I am also seeing the same error:
Copy started for - IP.IP.IP.IP Failed to Create PSDrive with Destination: '\IP.IP.IP.IP\C$\UAT_Drop\api', ErrorMessage: 'The network path was not found' The network path was not found
@NPeete What is the powershell version on the agent box?
According to the Release Agents / Capabilities tab, the Powershell version is 5.1.14409.1012
My team has the same issue. I tried adding a PowerShell step before the file copy to just list out the results of 'Get-PSDrive' but it doesn't show anything unusual:
2018-07-17T23:13:08.7037788Z Name Used (GB) Free (GB) Provider Root CurrentLocation
2018-07-17T23:13:08.7045006Z ---- --------- --------- -------- ---- ---------------
2018-07-17T23:13:08.7117423Z A FileSystem A:\
2018-07-17T23:13:08.7134095Z Alias Alias
2018-07-17T23:13:08.7531918Z C 592.85 430.15 FileSystem C:\ BuildAgent_work\r103\a
2018-07-17T23:13:08.7541380Z Cert Certificate \
2018-07-17T23:13:08.7831237Z D 1.31 14.69 FileSystem D:\
2018-07-17T23:13:08.7841311Z Env Environment
2018-07-17T23:13:08.7851526Z Function Function
2018-07-17T23:13:08.7861713Z HKCU Registry HKEY_CURRENT_USER
2018-07-17T23:13:08.7871375Z HKLM Registry HKEY_LOCAL_MACHINE
2018-07-17T23:13:08.7881077Z Variable Variable
2018-07-17T23:13:08.7890868Z WSMan WSMan
And then the File Copy step fails with: Failed to Create PSDrive with Destination: '\[MachineName]\f$\deploy\10.0.18194.007\Deployment\Tools', ErrorMessage: 'Multiple connections to a server or shared resource by the same user, using more than one user name, are not allowed. Disconnect all previous connections to the server or shared resource and try again'
We have recognized the issue. Will be deploying a fix soon.

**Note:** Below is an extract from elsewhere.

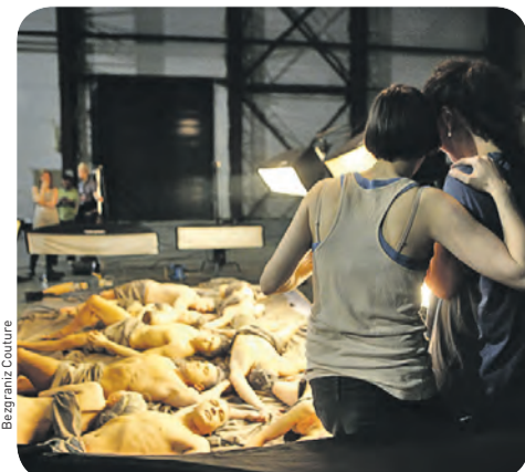
Задача проекта – помочь увидеть красоту «иног» человеческого тела

Hi @NPeete , can you try to run the 'net use' on the agent machine and see if you can see any shares connected to your target machines ? Can you try removing the share and then use the task. Also, can you share the $PSVersionTable info of the agent machine and the OS info and can you tell if any one of the following situations is true for your case:
You have 2 instances of the task (either as part of the same build/release flow or different build/release ) running on the same agent machine and trying to copy files to the same target but with different credentials.
Did you recently change the username being used for copying ?

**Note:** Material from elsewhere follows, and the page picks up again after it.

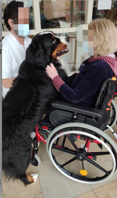
Djamel chien Bouvier Bernois

Unfortunately we don't have access to release agents (hence I can't show you the full $PSVersionTable info), but when I originally reported the issue we were validating with ops both net use
and Get-PSDrive
commands and none of them were showing extra records.

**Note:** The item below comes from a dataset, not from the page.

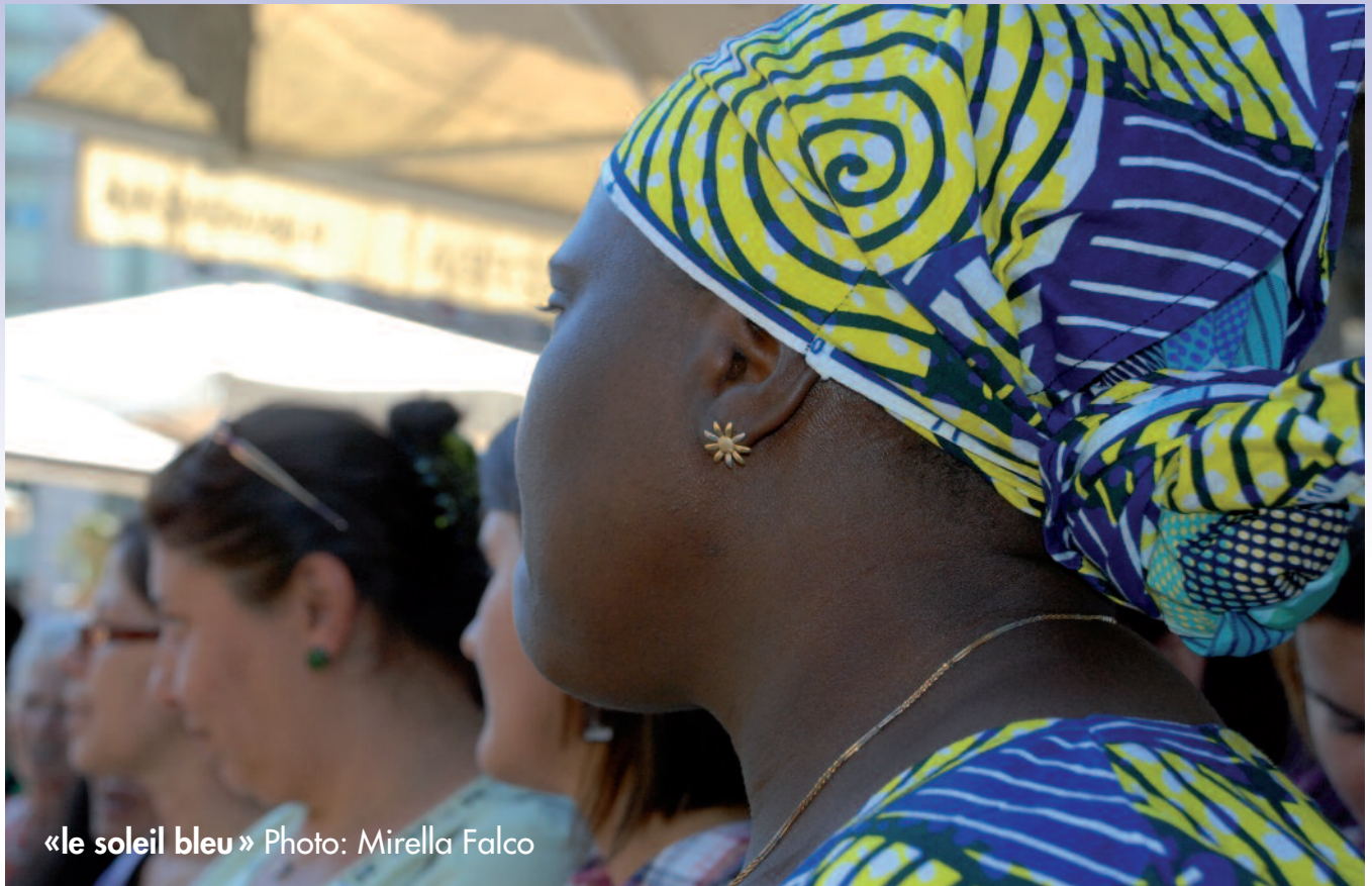
«le soleil bleu»

We use the same agents for both QA and PROD deployments with different credentials - QA and PROD target machines are always different. We always used the same credentials for QA (hardcoded TFS deploy user), and different ones for PROD (ops users, their credentials entered in release variables per release) - so it may be possible only in PROD cases that 2 instances of the task were running on the same agent with different credentials targeting the same machines BUT: 1) We were double checking if anything else was running on that agent and there wasn't 2) There are some different agents which are used only for QA deployments (with always the same credentials) and the issue occurred there as well.
@NPeete , are you running the 'net use' command in a session running with the same identity with which the agent is running ? can you try creating a new release and running a powershell task on the failing agent and execute net use. You can also use the task to extract psversiontable info and systeminfo. Also, will it be possible for you to reboot the agent machine and then try executing the task ? You can share the info at RM_Customer_Queries at microsoft.com
I was able to fix my issue by just adding a 'net use /y /delete *' step before the file copy tasks. Turns out there were a ton of disconnected net use mappings from previous release attempts.
Great find! Shouldn't this be done by the task for the specific connection being created?
@SumiranAgg Could you please let me know when the fix will be available in VSTS? It is lot of manual work for us to add net use command task for disposing disconnected mappings on all release definitions before each file copy task!
Added PR #7757 for the fix.
Hi @SumiranAgg , Thanks! How could we make our existing "windows machine file copy task" in VSTS use this new robocopy script?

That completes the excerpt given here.